[Available data]
------------------------------------
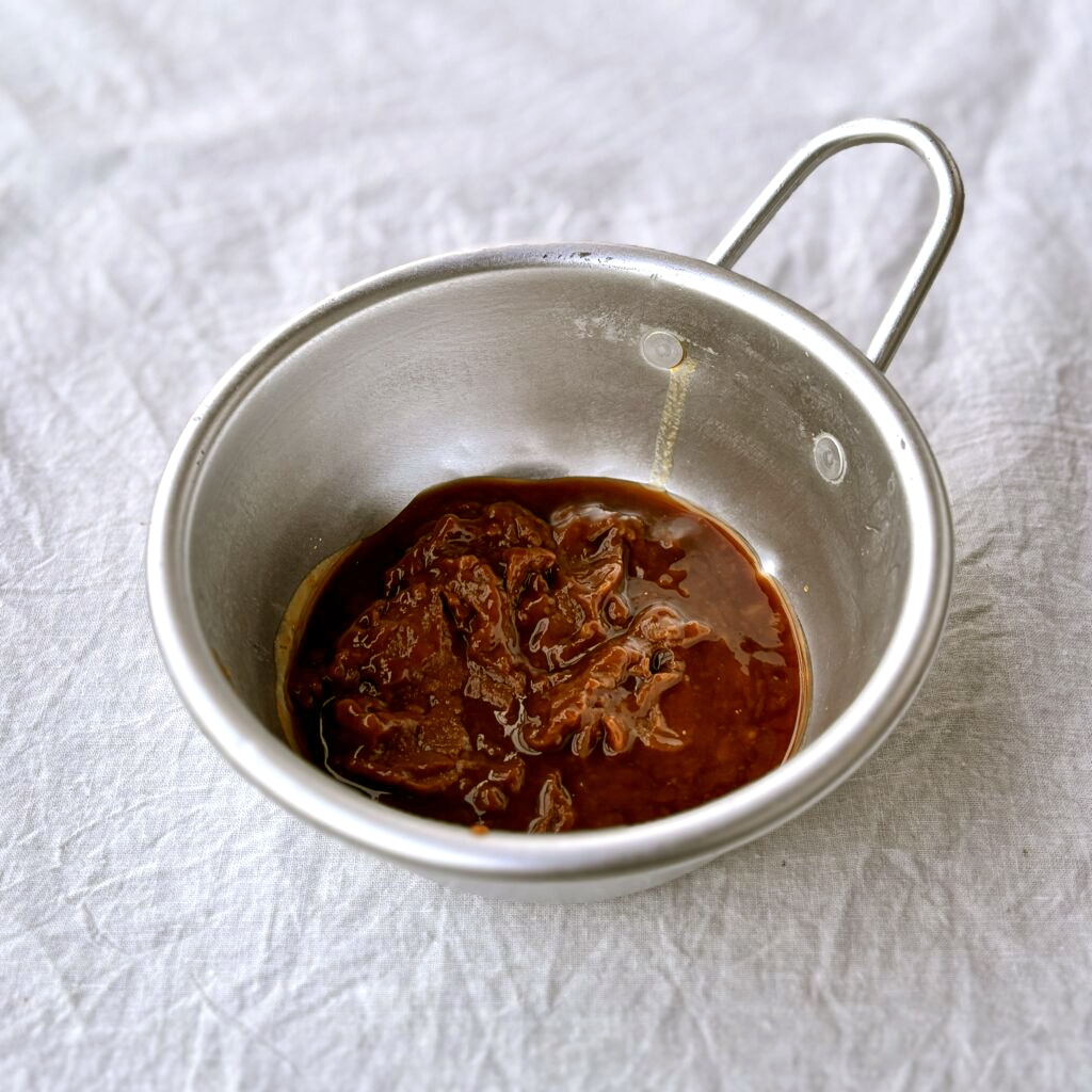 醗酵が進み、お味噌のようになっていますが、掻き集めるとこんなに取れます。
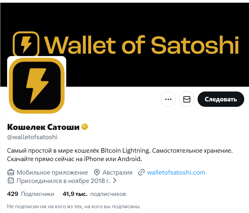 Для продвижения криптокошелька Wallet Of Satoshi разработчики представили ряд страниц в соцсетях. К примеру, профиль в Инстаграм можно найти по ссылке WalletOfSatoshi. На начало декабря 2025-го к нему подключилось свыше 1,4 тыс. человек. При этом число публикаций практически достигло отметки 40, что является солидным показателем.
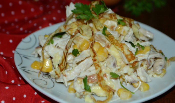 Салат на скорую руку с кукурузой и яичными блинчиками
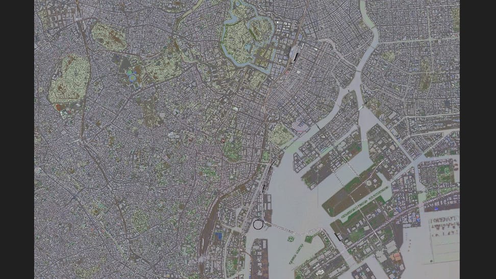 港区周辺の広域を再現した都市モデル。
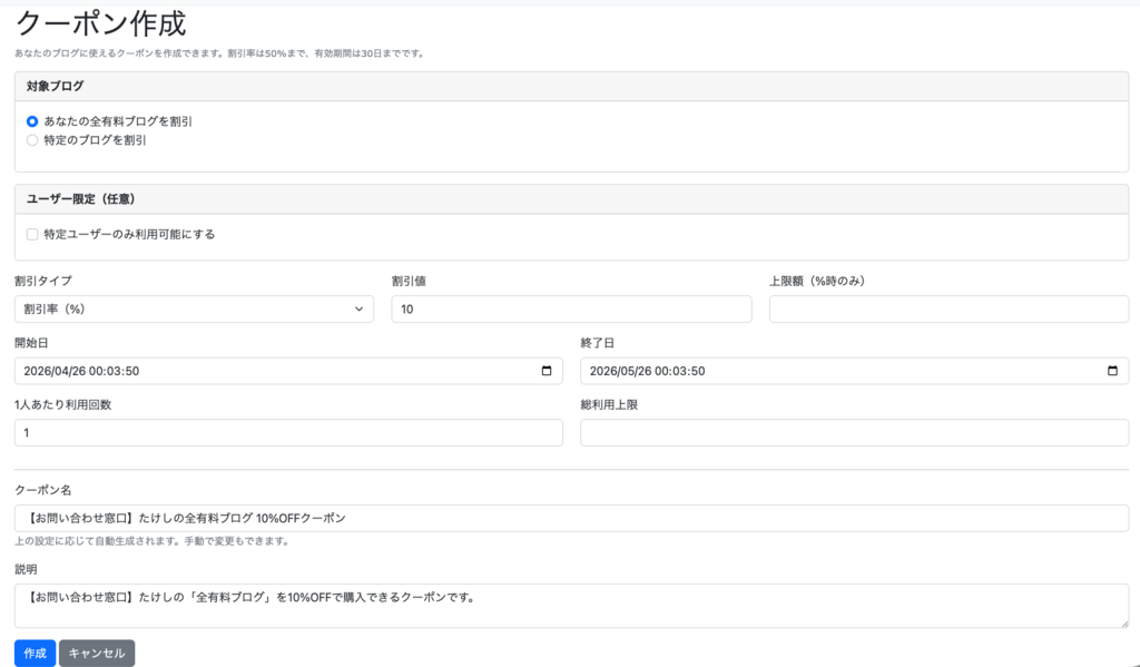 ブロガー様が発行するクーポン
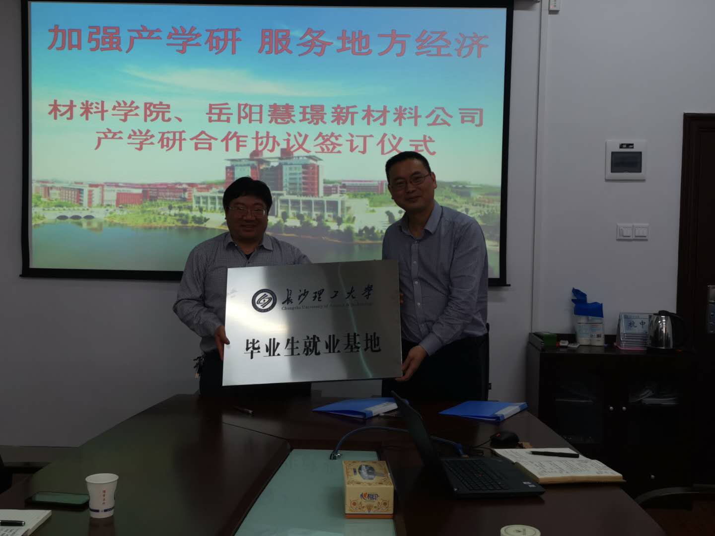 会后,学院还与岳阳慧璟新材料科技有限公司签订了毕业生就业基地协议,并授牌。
------------------------------------
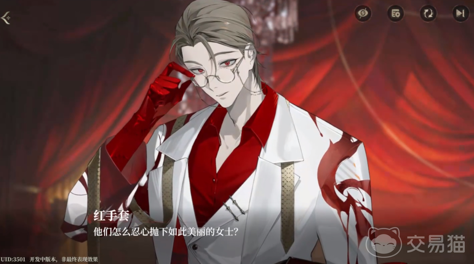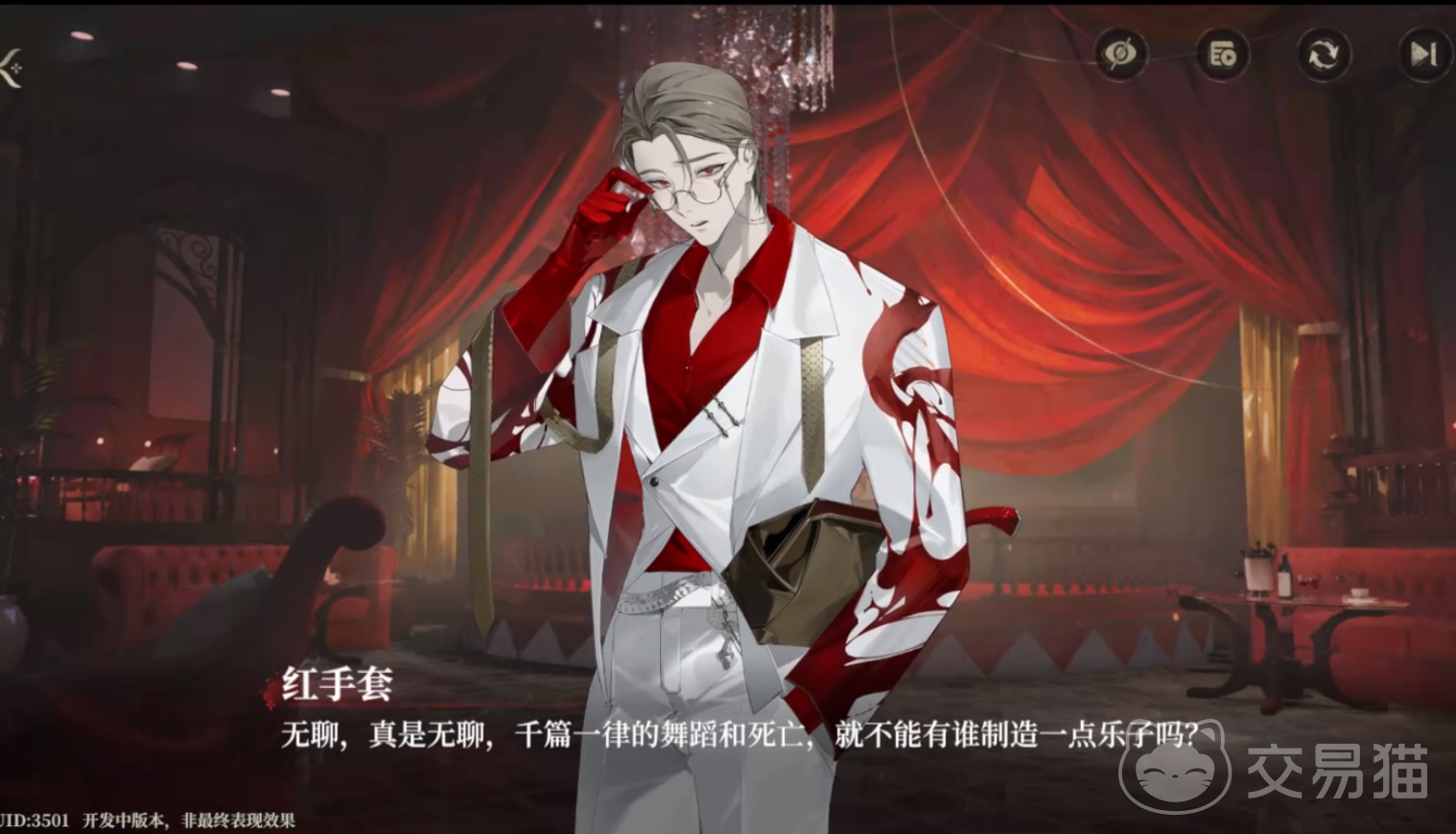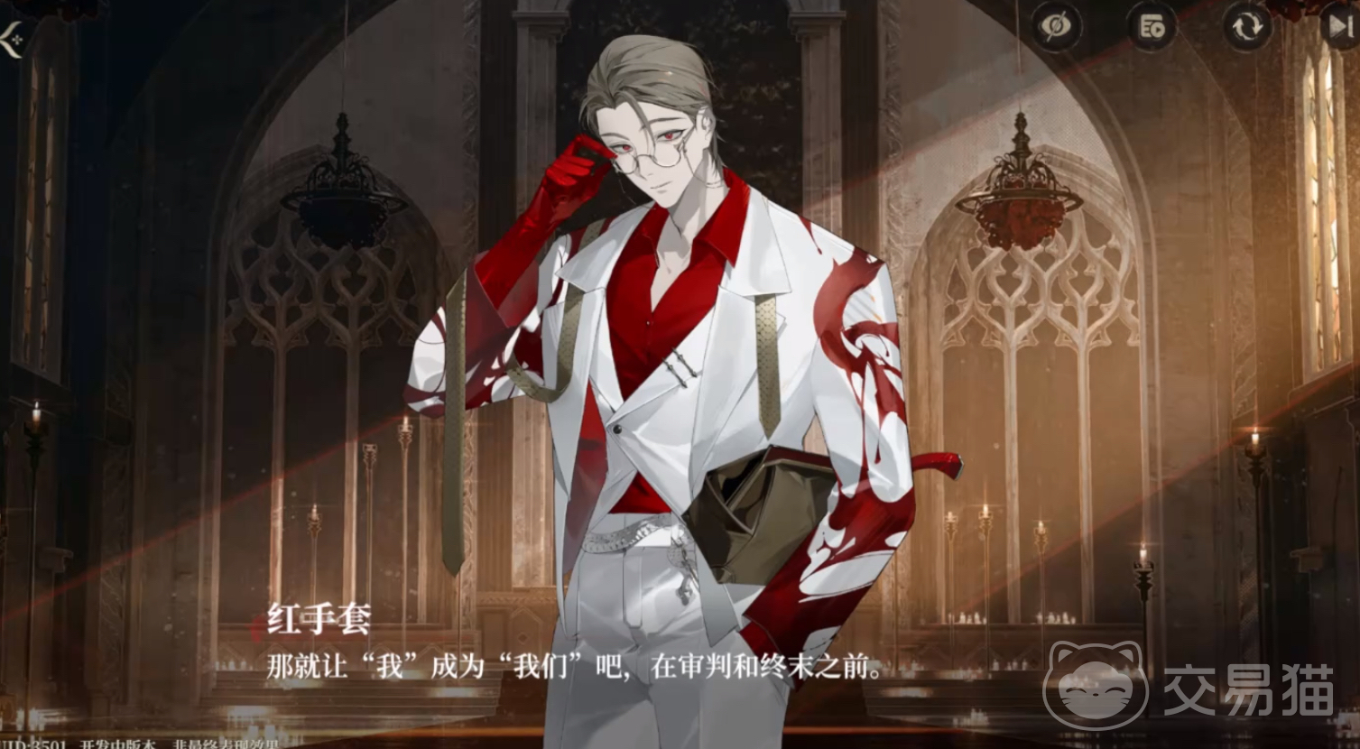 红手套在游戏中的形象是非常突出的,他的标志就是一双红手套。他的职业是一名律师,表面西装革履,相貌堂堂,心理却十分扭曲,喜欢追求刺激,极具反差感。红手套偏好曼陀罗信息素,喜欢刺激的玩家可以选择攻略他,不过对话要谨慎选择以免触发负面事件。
------------------------------------
Leaving out the pictures, please output the lines in the entries above from the one with "醗酵が進み、お味噌のようになっていますが、掻き集めるとこんなに取れます。" through the one with "ブロガー様が発行するクーポン", exactly as they are.

[Task result]
 醗酵が進み、お味噌のようになっていますが、掻き集めるとこんなに取れます。
 Для продвижения криптокошелька Wallet Of Satoshi разработчики представили ряд страниц в соцсетях. К примеру, профиль в Инстаграм можно найти по ссылке WalletOfSatoshi. На начало декабря 2025-го к нему подключилось свыше 1,4 тыс. человек. При этом число публикаций практически достигло отметки 40, что является солидным показателем.
 Салат на скорую руку с кукурузой и яичными блинчиками
 港区周辺の広域を再現した都市モデル。
 ブロガー様が発行するクーポン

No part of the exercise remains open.